National Housing Controls Would Shrink Supply of Affordable Housing

COMMENTARY Housing

National Housing Controls Would Shrink Supply of Affordable Housing

Mar 6, 2020 2 min read
COMMENTARY BY
Joel Griffith

Research Fellow, Thomas A. Roe Institute

Joel is a Research Fellow in the Thomas A. Roe Institute for economic policy studies at The Heritage Foundation.
Would federal control of the private home rental market make housing more affordable? Sen. Bernard Sanders of Vermont seems to think so. Mint Images/Getty Images

Key Takeaways

A key element of this “Housing for All” proposal is to establish a national rent-control program.

For the last 20 years, rental costs have increased at a greater pace than inflation. Nationally, rental costs increased 36% in just the last decade.

Artificially depressing rents and handcuffing property managers does nothing to solve the affordable housing problem.

Would federal control of the private home rental market make housing more affordable? Sen. Bernard Sanders of Vermont seems to think so.

A key element of his “Housing for All” proposal is to establish a national rent-control program. It would prohibit landlords from increasing rents more than 3% annually or 1.5 times the rate of inflation, whichever is higher. The only way landlords would be able to exceed these limits is to demonstrate to the satisfaction of federal bureaucrats that they have made “significant capital improvements” that would justify a larger increase.

The rent-control component is just the start of federal intervention in the rental market. The Vermont socialist also proposes a 25% tax on house flipping, a 2% property tax on vacant properties, and steep curbs on evictions—plus a myriad of other restrictions.

Unfortunately, this plan embraces some of the worst local policies already in existence. And experience with those policies demonstrates that they wind up shrinking the supply of housing—harming both renters and property owners.

Many see rent control as a quick fix for a long-term problem. For the last 20 years, rental costs have increased at a greater pace than inflation. Nationally, rental costs increased 36% in just the last decade.

Some urban areas have experienced far steeper jumps in rent. For instance, rental costs in the Seattle metro area jumped 55% over the last decade. And rents in the largely rent-controlled San Francisco metro area soared 57%—both nearly triple the overall rate of inflation.

Stringent zoning restrictions, density limitations, and aggressive environmental regulation limit the supply of housing while increasing the costs of construction.

Regulations often account for more than 30% of the costs of rental housing construction, a reality that rental and ownership costs must reflect. Reforming land-use laws—in effect, increasing supply—would be a big step in the right direction. With increased supply, rental prices could plateau or even decline.

Rather than ease pressure, rent control compounds the problem of affordability. It does nothing to make housing less costly to build while having the perverse effect of shrinking future supply by deterring new construction and giving landlords fewer incentives to spend on upkeep and remodeling.

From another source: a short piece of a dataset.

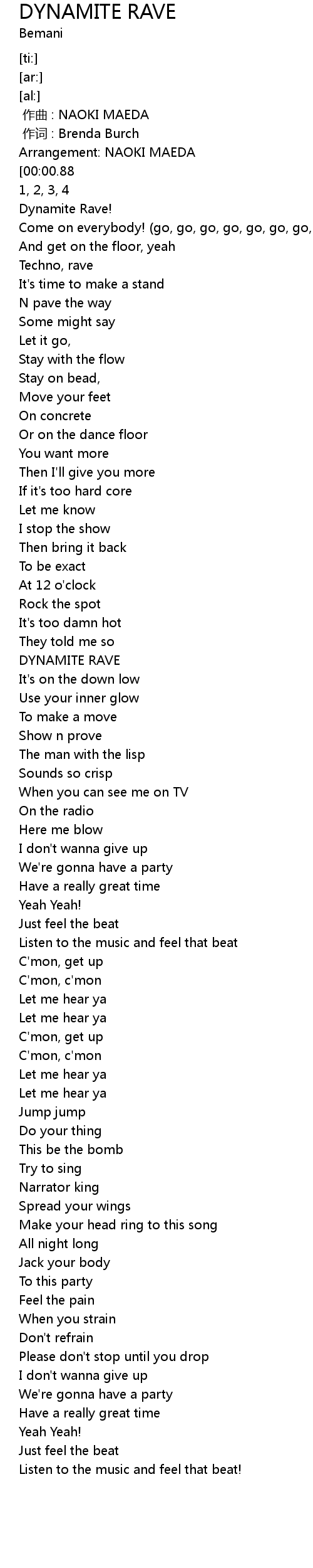 | [00:07.13] | Come on everybody! go, go, go, go, go, go, go, go |

As far back as 1965, Gunnar Myrdal, one of the visionaries behind Sweden’s welfare state, warned, “Rent control has in certain Western countries constituted, maybe, the worst example of poor planning by governments lacking courage and vision.” Economics professor Assar Lindbeck, Myrdal’s fellow Swede, cautioned in 1972, “In many cases rent control appears to be the most efficient technique presently known to destroy a city—except for bombing.”

In 1989, Vietnam’s leadership linked the abject condition of Hanoi’s housing directly to rent control. Then-Foreign Minister Nguyen Co Thach said, “The Americans couldn’t destroy Hanoi, but we have destroyed our city by very low rents. We realized it was stupid and that we must change policy.”

Government intrusion in the housing market—whether motivated by good intentions, blatant political maneuvering, or a raw appetite for power—has stoked an affordability crisis. Layering on even more intervention would only add fuel to the fire.

Artificially depressing rents and handcuffing property managers does nothing to solve the affordable housing problem. Forcing the entire nation to model Portland, New York City, and San Francisco will only force renters to live in more dilapidated conditions and dampen interest in building additional units.

Beyond these quite practical problems associated with rent control lies an even larger issue. This kind of heavy-handed intervention in the rental market is nothing less than an assault on fundamental private-property rights.